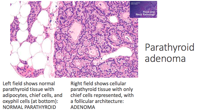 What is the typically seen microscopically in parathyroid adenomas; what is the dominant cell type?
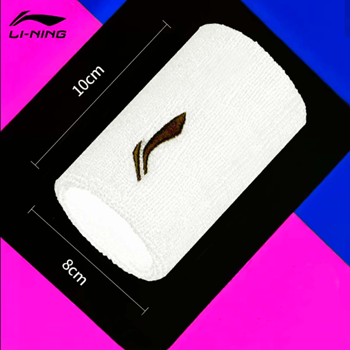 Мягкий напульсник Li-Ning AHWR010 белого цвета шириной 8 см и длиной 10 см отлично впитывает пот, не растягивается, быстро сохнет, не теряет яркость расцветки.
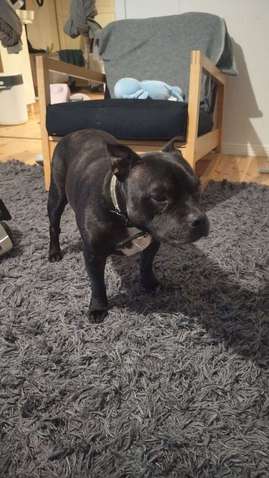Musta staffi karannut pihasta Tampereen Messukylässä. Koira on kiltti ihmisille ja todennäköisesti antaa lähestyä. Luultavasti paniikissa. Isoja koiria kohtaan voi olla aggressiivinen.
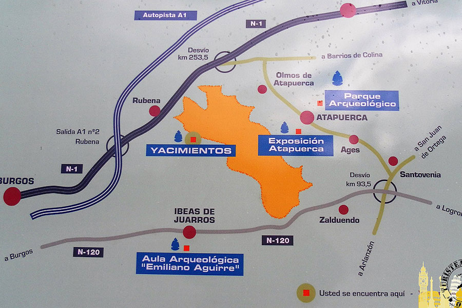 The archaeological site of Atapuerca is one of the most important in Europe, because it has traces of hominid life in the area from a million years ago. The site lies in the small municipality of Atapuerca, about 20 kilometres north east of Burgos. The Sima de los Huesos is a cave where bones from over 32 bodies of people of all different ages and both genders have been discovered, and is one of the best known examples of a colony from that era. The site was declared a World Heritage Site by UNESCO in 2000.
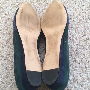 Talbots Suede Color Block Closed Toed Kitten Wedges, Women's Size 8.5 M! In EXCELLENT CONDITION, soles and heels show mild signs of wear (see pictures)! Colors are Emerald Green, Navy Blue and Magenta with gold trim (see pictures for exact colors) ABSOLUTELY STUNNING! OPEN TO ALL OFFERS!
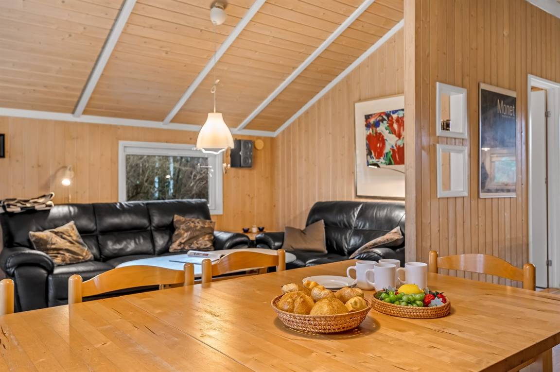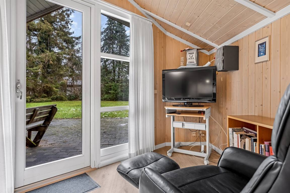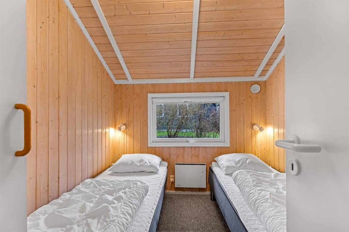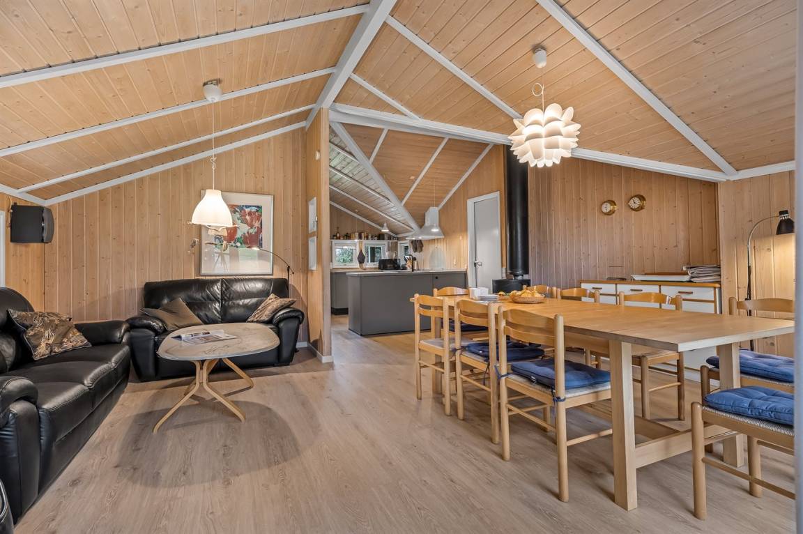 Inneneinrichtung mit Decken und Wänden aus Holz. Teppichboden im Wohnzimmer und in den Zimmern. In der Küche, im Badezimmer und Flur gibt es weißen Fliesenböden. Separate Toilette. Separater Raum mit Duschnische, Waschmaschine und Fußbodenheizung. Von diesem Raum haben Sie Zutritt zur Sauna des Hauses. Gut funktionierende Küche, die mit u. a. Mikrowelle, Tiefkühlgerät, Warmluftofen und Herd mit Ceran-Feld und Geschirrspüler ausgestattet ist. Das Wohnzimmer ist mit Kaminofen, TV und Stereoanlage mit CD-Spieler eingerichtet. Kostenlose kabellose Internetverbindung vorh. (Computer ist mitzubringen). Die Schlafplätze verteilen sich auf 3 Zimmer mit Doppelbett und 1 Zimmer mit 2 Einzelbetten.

--

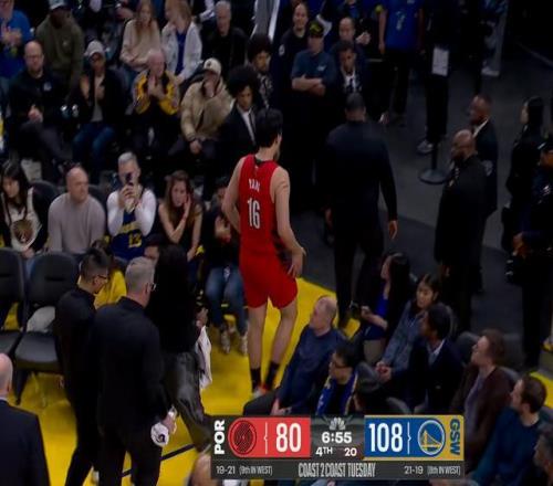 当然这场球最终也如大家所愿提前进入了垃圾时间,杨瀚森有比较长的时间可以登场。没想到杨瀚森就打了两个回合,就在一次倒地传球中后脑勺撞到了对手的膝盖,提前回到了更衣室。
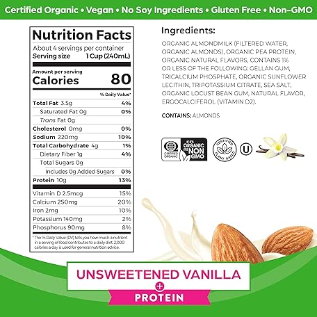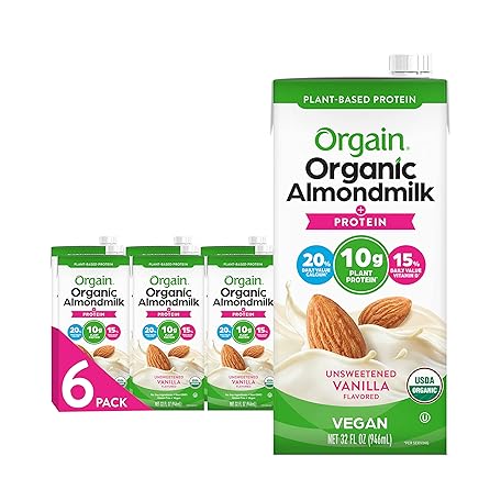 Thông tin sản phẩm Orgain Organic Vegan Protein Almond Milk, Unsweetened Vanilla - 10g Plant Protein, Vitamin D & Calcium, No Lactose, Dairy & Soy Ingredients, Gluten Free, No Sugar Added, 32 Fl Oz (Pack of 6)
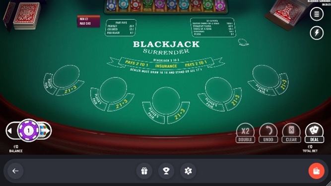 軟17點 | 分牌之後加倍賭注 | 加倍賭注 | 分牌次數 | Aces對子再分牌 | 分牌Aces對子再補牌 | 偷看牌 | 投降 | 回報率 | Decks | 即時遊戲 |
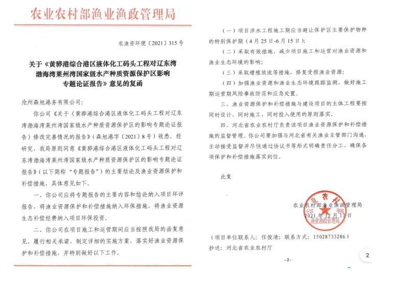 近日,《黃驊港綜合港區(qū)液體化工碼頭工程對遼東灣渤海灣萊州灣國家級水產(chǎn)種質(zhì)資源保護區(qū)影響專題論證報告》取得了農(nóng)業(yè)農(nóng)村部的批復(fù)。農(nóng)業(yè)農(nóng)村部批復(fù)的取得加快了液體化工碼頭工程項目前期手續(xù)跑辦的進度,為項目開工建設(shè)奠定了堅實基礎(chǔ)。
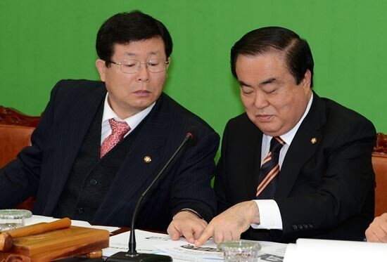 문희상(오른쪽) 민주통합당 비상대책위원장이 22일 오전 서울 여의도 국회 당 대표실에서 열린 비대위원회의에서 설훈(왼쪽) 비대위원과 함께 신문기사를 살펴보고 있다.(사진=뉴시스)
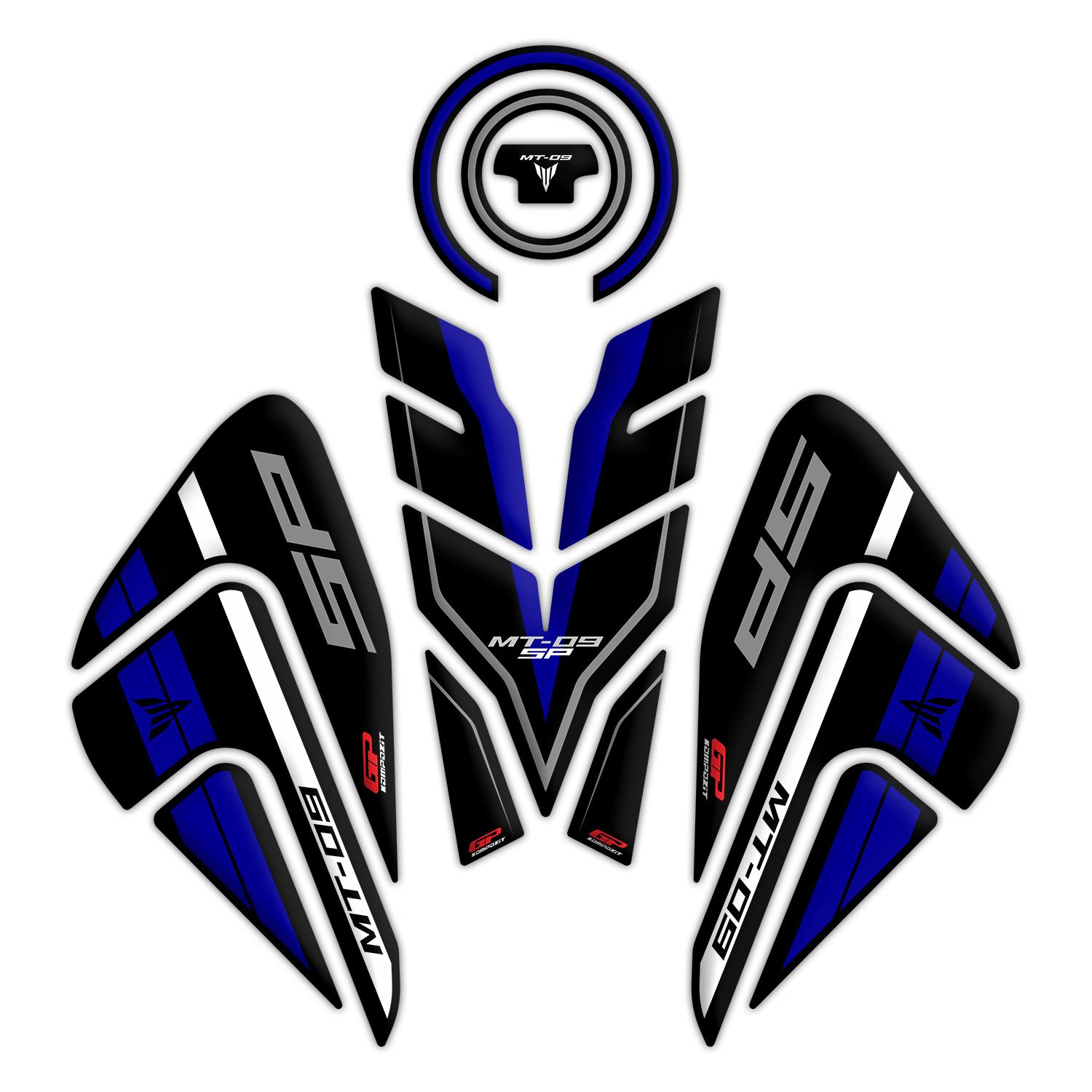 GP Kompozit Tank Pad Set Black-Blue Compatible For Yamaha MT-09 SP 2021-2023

==

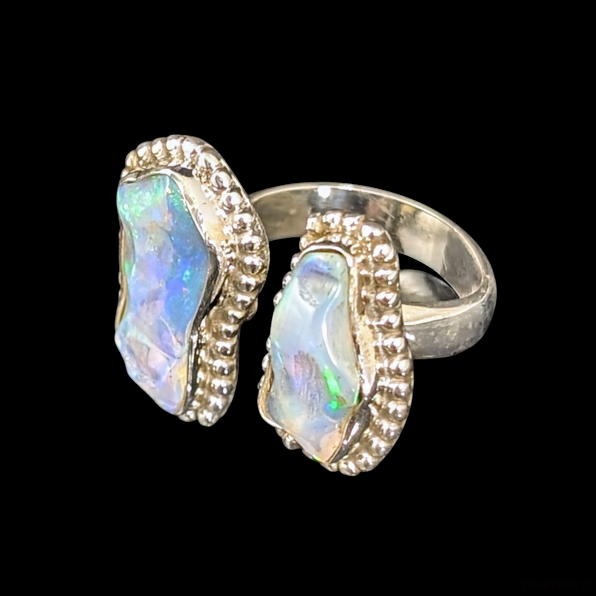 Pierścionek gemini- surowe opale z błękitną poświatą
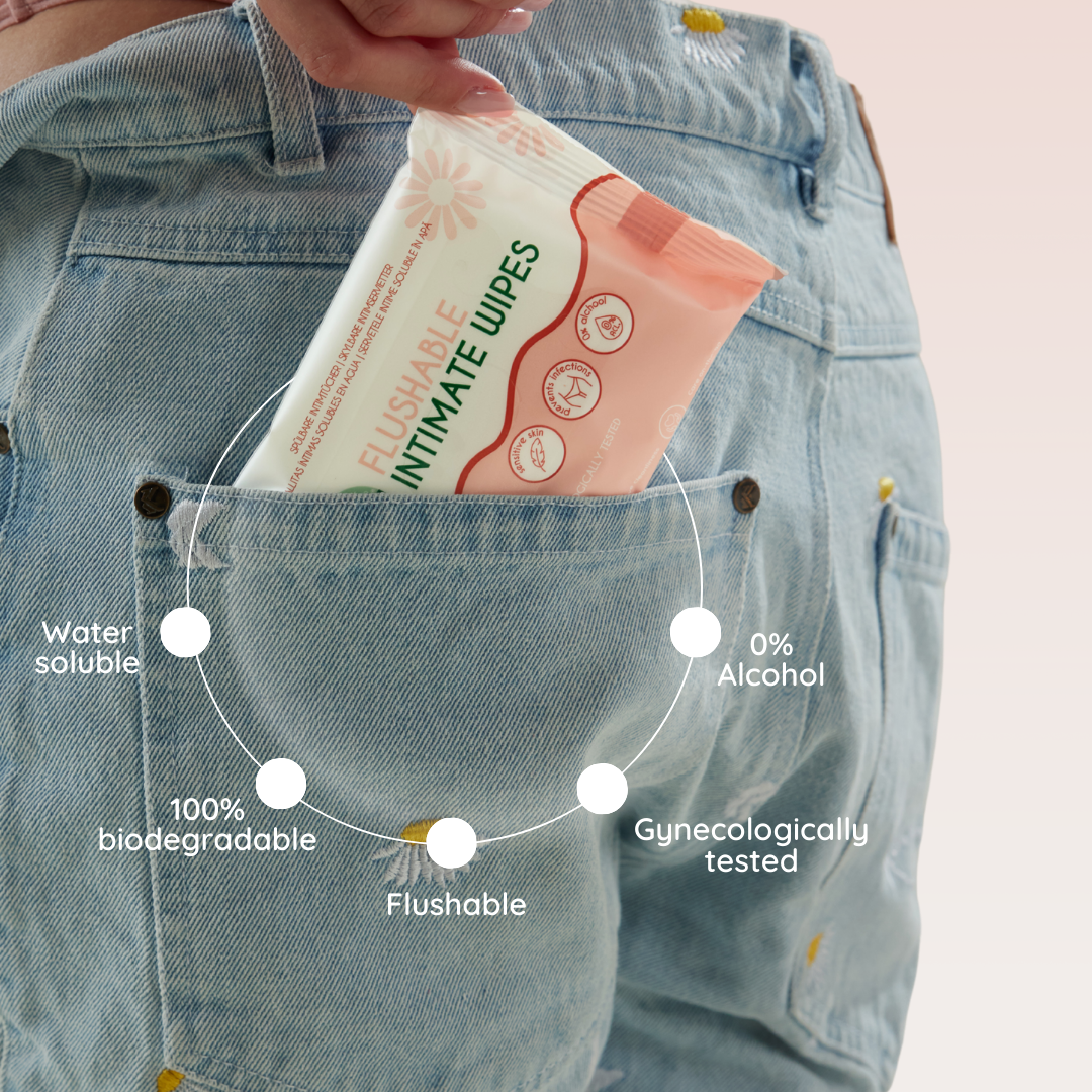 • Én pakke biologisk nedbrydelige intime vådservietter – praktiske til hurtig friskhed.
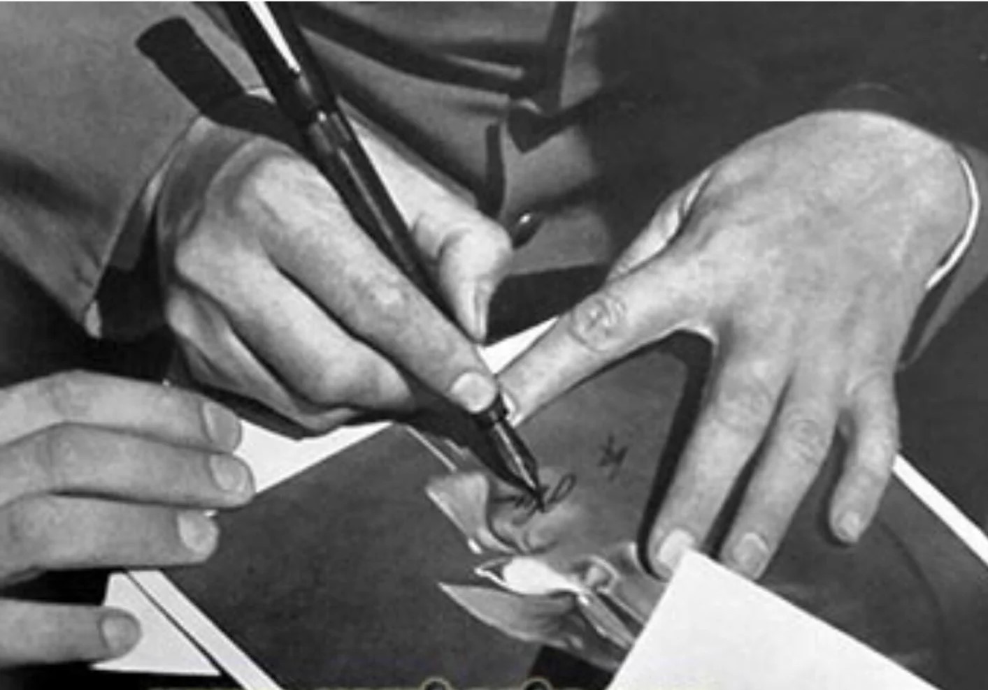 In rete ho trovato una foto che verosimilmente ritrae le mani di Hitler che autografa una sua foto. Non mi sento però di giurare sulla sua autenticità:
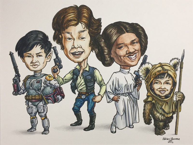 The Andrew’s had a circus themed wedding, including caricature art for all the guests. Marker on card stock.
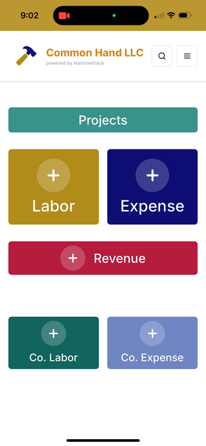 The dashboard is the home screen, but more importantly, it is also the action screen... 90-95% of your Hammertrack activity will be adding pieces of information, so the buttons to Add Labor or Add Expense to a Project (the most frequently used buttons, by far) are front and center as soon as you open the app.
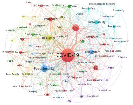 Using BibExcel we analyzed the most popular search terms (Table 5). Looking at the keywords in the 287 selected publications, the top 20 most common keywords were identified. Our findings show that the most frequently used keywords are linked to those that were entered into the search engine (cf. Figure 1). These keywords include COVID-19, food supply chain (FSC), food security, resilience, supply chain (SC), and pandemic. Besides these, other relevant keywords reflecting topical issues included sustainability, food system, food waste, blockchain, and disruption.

WHAT TO PRODUCE: Up in the listing, locate the line with "What is the typically"; print it and every line after it down to the line with "Musta staffi karannut", which is included too. Skip the pictures.

PROBLEM SOLUTION:
 What is the typically seen microscopically in parathyroid adenomas; what is the dominant cell type?
 Мягкий напульсник Li-Ning AHWR010 белого цвета шириной 8 см и длиной 10 см отлично впитывает пот, не растягивается, быстро сохнет, не теряет яркость расцветки.
Musta staffi karannut pihasta Tampereen Messukylässä. Koira on kiltti ihmisille ja todennäköisesti antaa lähestyä. Luultavasti paniikissa. Isoja koiria kohtaan voi olla aggressiivinen.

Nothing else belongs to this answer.